In many ways, this is ironic, as China is following almost the same trajectory charted by Japan. Japanese vehicles, too, had a stigma in the major export markets, forcing manufacturers to focus on the cutthroat domestic market. The intense competition in the domestic market made Japanese vehicles some of the best value for money in the world, and, in the wake of the 70’s Arab oil shock, Japanese brands like Toyota and Nissan burst onto the world stage and rapidly took it over.
High oil prices made consumers value fuel efficiency, and so Japanese cars proliferated to such an extent that they were viewed as an existential threat to many countries’ domestic industries. Japan has shared the top spot with Germany ever since.

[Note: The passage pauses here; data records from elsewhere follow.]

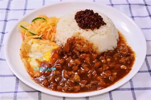 特别提醒:蒸饭时,水和米的比例是1:1;饭蒸好后,不要急着盛出来,放在电饭煲内保温,卤肉做好后再盛饭浇肉汁,即取即吃。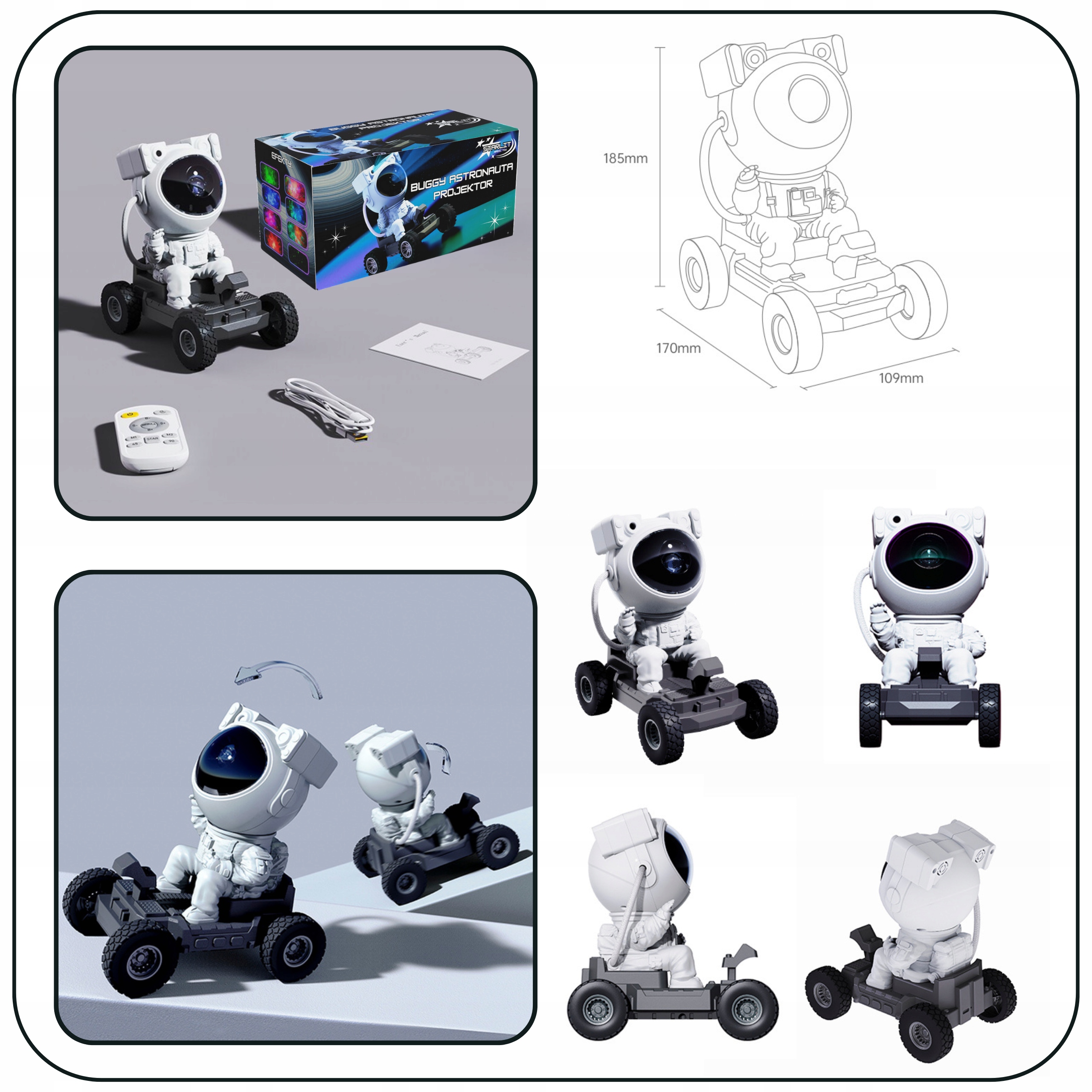 Проектор зірок у формі космонавта, що сидить на машині, - це не лише ефективна прикраса , але й функціональний гаджет , який вводить радість та взаємодію з повсякденними моментами. Завдяки можливості змінити його положення, ви можете створити різноманітні візуальні ефекти , ідеально підходячи до настрою.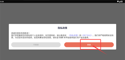 1、启动应用程序后,单击隐私政策页面上的同意按钮进入主界面。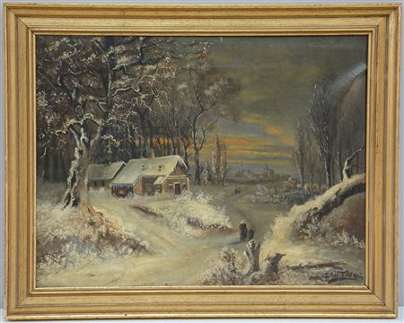 Jules Tasquin ( 1872- 1912)"Paesaggio invernale con figure" olio su tela (cm 40x53) firmato in basso a destra, in cornice (difetti)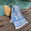 Maak je gebruik van een strandbed? Dan is onze populaire beachbed cover Three Palms een ideale oplossing. Deze stranddoek sla je eenvoudig om het hoofdeinde van het strandbed, waardoor de doek niet wegwaait.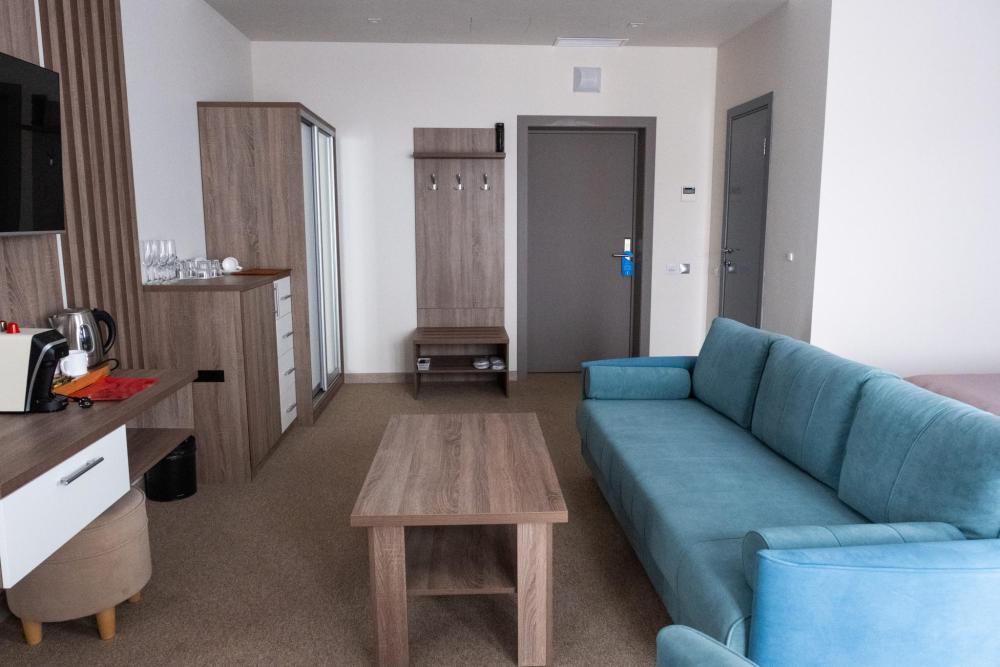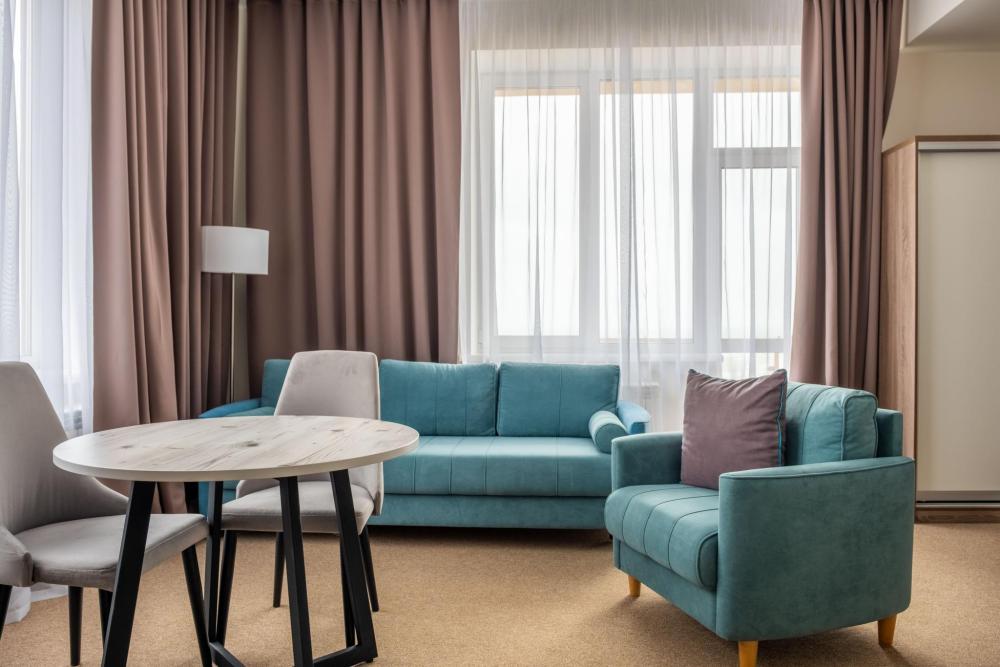 Однокомнатный номер площадью 35 м², в котором каждая деталь продумана для безупречного отдыха. Элегантное пространство с двуспальной кроватью, зоной отдыха с диваном и журнальным столиком, а также балконом, где можно насладиться свежим воздухом и видом. В номере — кондиционер, телевизор, мини-холодильник, чайная станция и ванная комната с душевой кабиной. Подходит для комфортного размещения до трёх человек. Идеальное сочетание стиля, уюта и свободы пространства.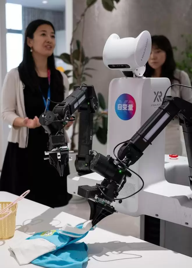 在深圳市南山区自变量机器人科技(深圳)有限公司,机器人执行整理衣服任务。新华社记者 刘梦琪 摄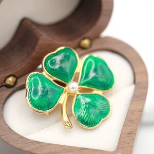 Enamel Shamrock Brooch Lucky 4 Leaf Clover 🍀 🙌🏻✨⏰💭🤝⌛️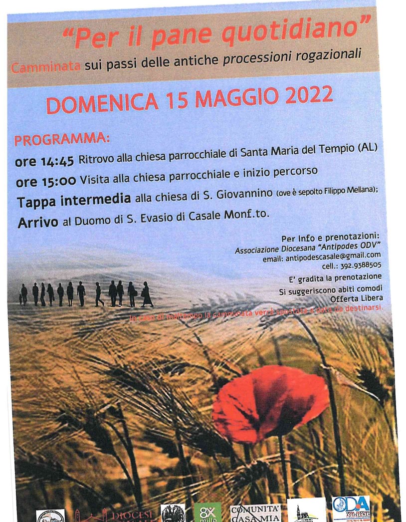 Domenica nell'ambito di “Panis et Vinum - Settimana per il Patrimonio Culturale Ecclesiastico della Diocesi di Casale Monferrato” alle ore 14.45 si terrà la camminata di circa 6km “Per il pane quotidiano”, sui passi delle antiche processioni rogazionali (ritrovo presso la chiesa parrocchiale di Santa Maria del Tempio, gradita la prenotazione; in caso di maltempo la camminata sarà rinviata a data da definirsi). Per maggiori informazioni clicca qui.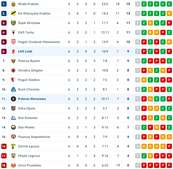 Tabela Betclic 1. Ligi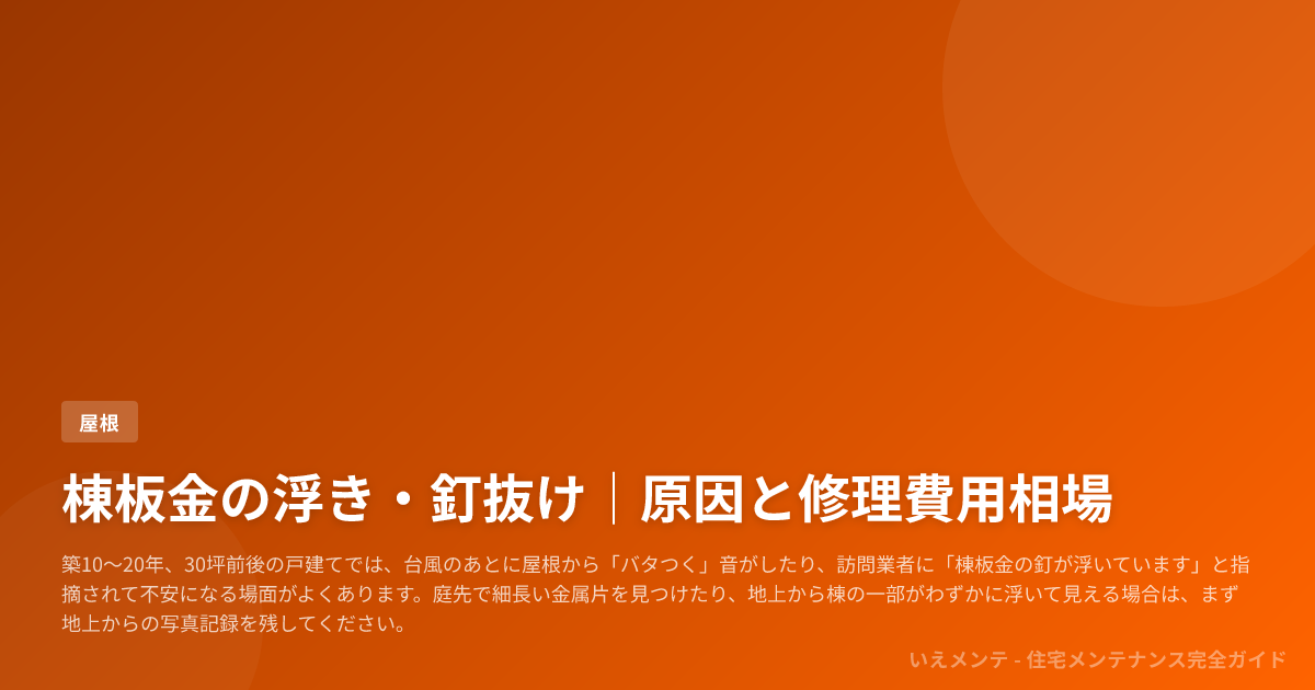 築10〜20年、30坪前後の戸建てでは、台風のあとに屋根から「バタつく」音がしたり、訪問業者に「棟板金の釘が浮いています」と指摘されて不安になる場面がよくあります。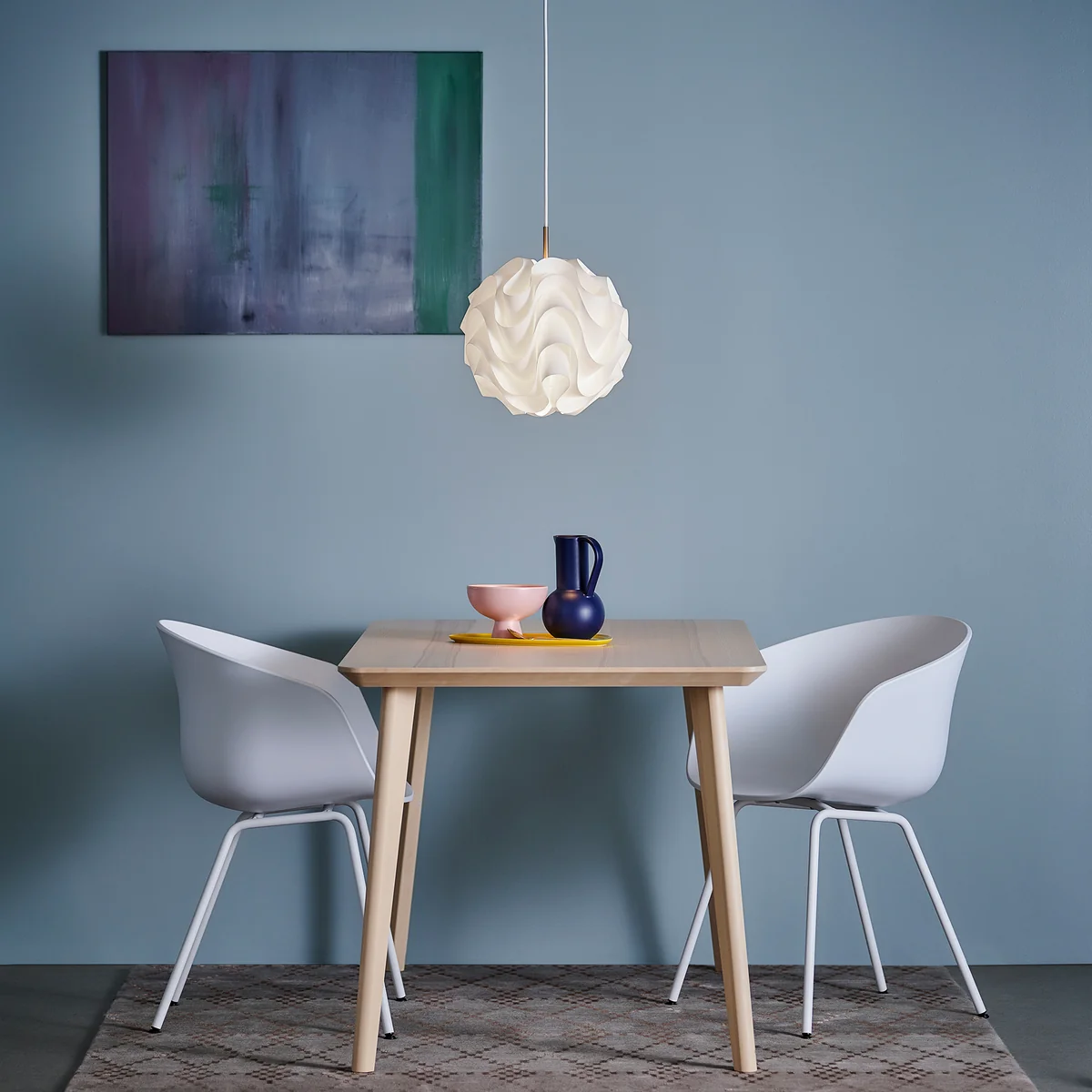 De pendelarmatuur Sinus van Le Klint valt vooral op door haar gebogen design. De ronde lampenkap is bijzonder decoratief, maar zorgt ook voor een aangenaam niet-verblindend en gedempt licht, dat elke kamer een aangenaam huiselijke sfeer geeft.

A New Era in Automobile Manufacturing
Now, the time seems ripe for China to do the same. Surging fuel prices and climate change concerns have made EVs look very attractive to consumers, as can also be seen with the popularity of Tesla. But Tesla is pricey and high-end, while Chinese cars are more for the everyman. Electric vehicles look more and more practical each year as countries build out their charging networks and expand mineral production. And China is in a perfect spot to take advantage of this.
Sure, there are some challenges for China, most notably rising labour costs, the US semiconductor embargo and competition for all-important lithium mines. Neither will the Japanese auto industry just roll over, as it is still one of the world’s most respected, globalised and efficient.
Japanese makers still have enormous technical, industrial, marketing and design advantages, but they might slowly lose their reputation as the ordinary person’s workhorse. Either way, there is no doubt that this decade will be the most transformative for the auto industry since the very invention of internal combustion engines.